In a survey conducted by Stanford University of over 20,000 people through social media, 39.8% of respondents said they were not complying with social distancing recommendations. 52.5% of respondents aged between 18 and 31 admitted to not complying with the shelter-in-place order.
Such statistics prove the lockdown policy to be useless unless enforced by the government. Although one may consider these to be low numbers, they are not, as these people eventually spread the disease further to their families.
As schools are reopened with procedures for social distancing and mask wearing, students might be safer than they would be if they were at home. At such point, reopening schools will make little difference to the overall spread of the pandemic.
The reopening of schools carries with it a net positive that will likely not be outweighed by the negative. Rates of psychiatric disorders will go down, student performance will increase and COVID-19 numbers will only be minimally increased, if at all.

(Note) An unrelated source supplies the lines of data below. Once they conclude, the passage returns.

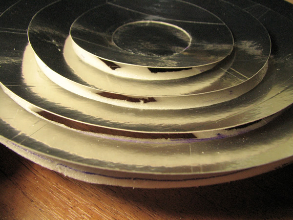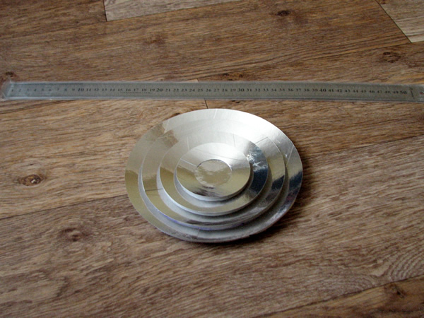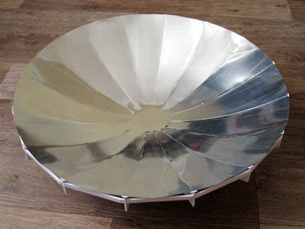 Для выяснения этого вопроса я сделал первый параболический тепловой концентратор из картона (фокус в чаше параболы). Выкройку из секторов оклеил обычной пищевой фольгой. Понятно, что качество поверхности, да и отражающие способности фольги, очень далеки от идеала.
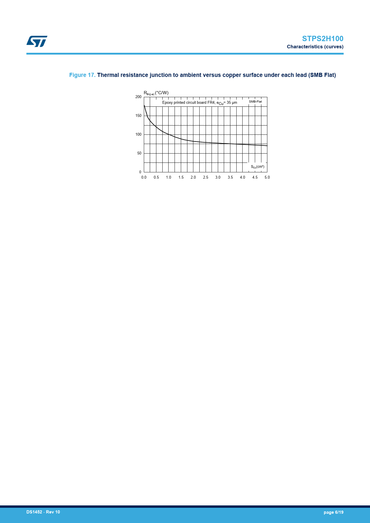 STPS2H100 Characteristics (curves) Figure 17. Thermal resistance junction to ambient versus copper surface under each lead (SMB Flat)
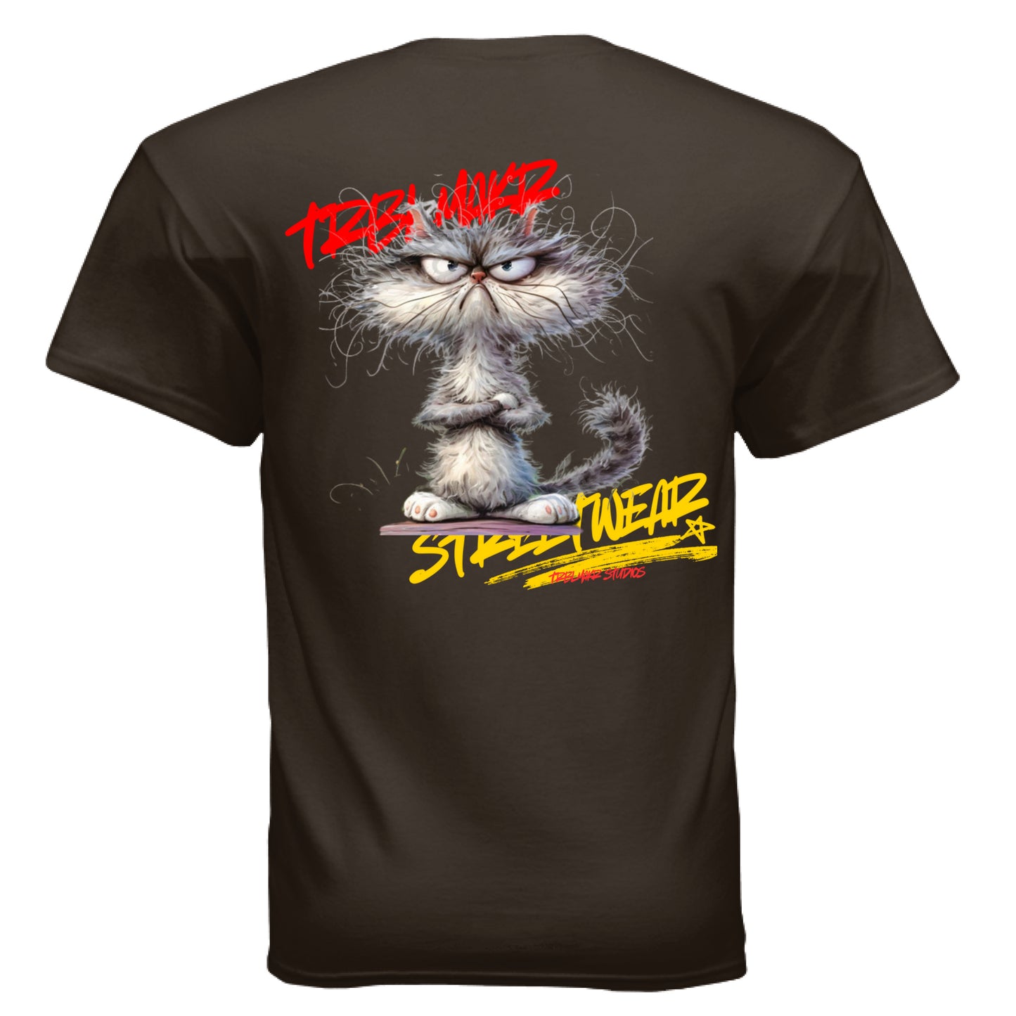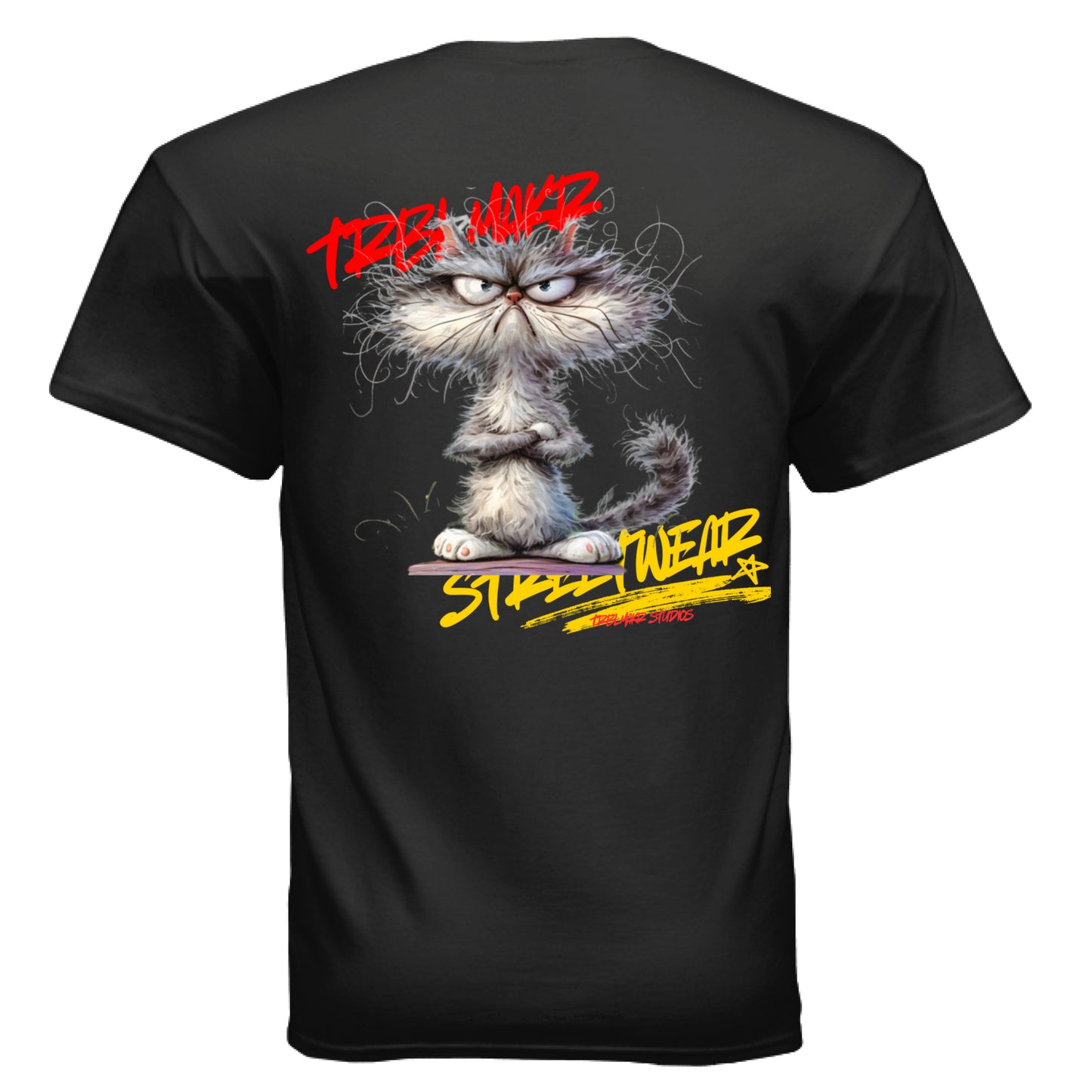 This ain’t your average house cat — this is a feral fashion icon with claws out and zero chill. The front boldly reps TRBLMAKR Streetwear, while TRBLMAKR Studios lurks underneath like the brand that knows it's got nothing to prove.

BCPS made the right choice in deciding that schools should be reopened.
Returning to in-person schooling has serious consequences
BY CHRIS GOMES
The coronavirus has quite literally plagued society for the whole of 2020, forcing a different way of life for more than six months. Ever since March 13, students and staff have been forced to stay at home, and in late August returned to school digitally.
Since then, Broward County Public Schools (BCPS) Superintendent Robert Runcie set an opening date for October 9 for in-person classes and teachers were stuck with choosing between returning to school, applying for an American with Disabilities Act (ADA) accommodation or taking a leave of absence.

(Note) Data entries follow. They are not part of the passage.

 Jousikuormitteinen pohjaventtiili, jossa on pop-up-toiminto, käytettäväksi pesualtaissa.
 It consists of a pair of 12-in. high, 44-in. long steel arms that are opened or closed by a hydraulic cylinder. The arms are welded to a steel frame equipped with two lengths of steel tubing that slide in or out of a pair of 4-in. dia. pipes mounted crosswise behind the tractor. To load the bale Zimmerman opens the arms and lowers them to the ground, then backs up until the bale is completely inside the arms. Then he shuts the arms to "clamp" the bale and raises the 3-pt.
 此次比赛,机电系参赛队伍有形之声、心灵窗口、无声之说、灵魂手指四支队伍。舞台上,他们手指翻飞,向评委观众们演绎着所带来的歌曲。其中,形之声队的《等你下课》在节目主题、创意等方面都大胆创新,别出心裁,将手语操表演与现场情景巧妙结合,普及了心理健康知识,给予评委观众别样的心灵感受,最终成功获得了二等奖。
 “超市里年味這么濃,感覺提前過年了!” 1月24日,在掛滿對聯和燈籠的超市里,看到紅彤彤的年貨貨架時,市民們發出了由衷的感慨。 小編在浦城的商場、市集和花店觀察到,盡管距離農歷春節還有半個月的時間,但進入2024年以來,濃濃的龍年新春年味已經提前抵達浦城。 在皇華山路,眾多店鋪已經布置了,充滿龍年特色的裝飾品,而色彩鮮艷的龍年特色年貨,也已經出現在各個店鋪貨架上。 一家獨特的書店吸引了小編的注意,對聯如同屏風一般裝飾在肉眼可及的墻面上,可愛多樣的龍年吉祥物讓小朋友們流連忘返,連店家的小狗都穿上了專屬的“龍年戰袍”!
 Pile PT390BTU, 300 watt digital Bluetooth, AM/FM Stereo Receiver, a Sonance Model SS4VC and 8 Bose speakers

In addition, coronavirus infections continue to grow and Florida has been labeled as an epicenter of the virus. Counties such as Broward, Miami-Dade and Palm Beach continue to have the highest infection rates throughout Florida. Knowing that, it makes little sense to return to in-person learning when the coronavirus is still very much alive.
Knowing that, it makes little sense to return to in-person learning when the coronavirus is still very much alive.
On top of affecting students, teachers and staff were practically forced to return to in-person classrooms and many teachers and their union disagree with the measures. Broward Teachers Union President Anna Fusco says teachers wanted to know what they were returning to.
“What they did yesterday was unprofessional, inconsiderate and just reckless,” Fusco said. “What does social distancing look like? What are the safety measures? What is the cleanliness? What is the air quality?”
The threat of COVID-19 is still persistent, regardless of what may be an envisioned plan. Too many variables need to be met in order for a safe return to school. The human factor cannot be ignored.
Broward students have to wear masks on the bus, in the hallways and anytime they’re moving around campus.
The human factor cannot be ignored.
Even if all things go right, some students may not wear masks as a “joke,” jeopardizing everyone else’s safety and well-being. Students already don’t wear IDs, so how can they be realistically expected to all wear masks? The repercussions for not doing so are well above any consequences that could be handed out to the student.
Many lives are at stake. The coronavirus is no joking matter and shouldn’t be treated as such. We’ve seen countries, states and counties reopen too early and face the phenomena known as the “second wave,” where they encounter more cases than were first envisioned.
The safest approach would be remote learning until coronavirus cases continue to dwindle, in order to ensure tranquility for both staff and students alike.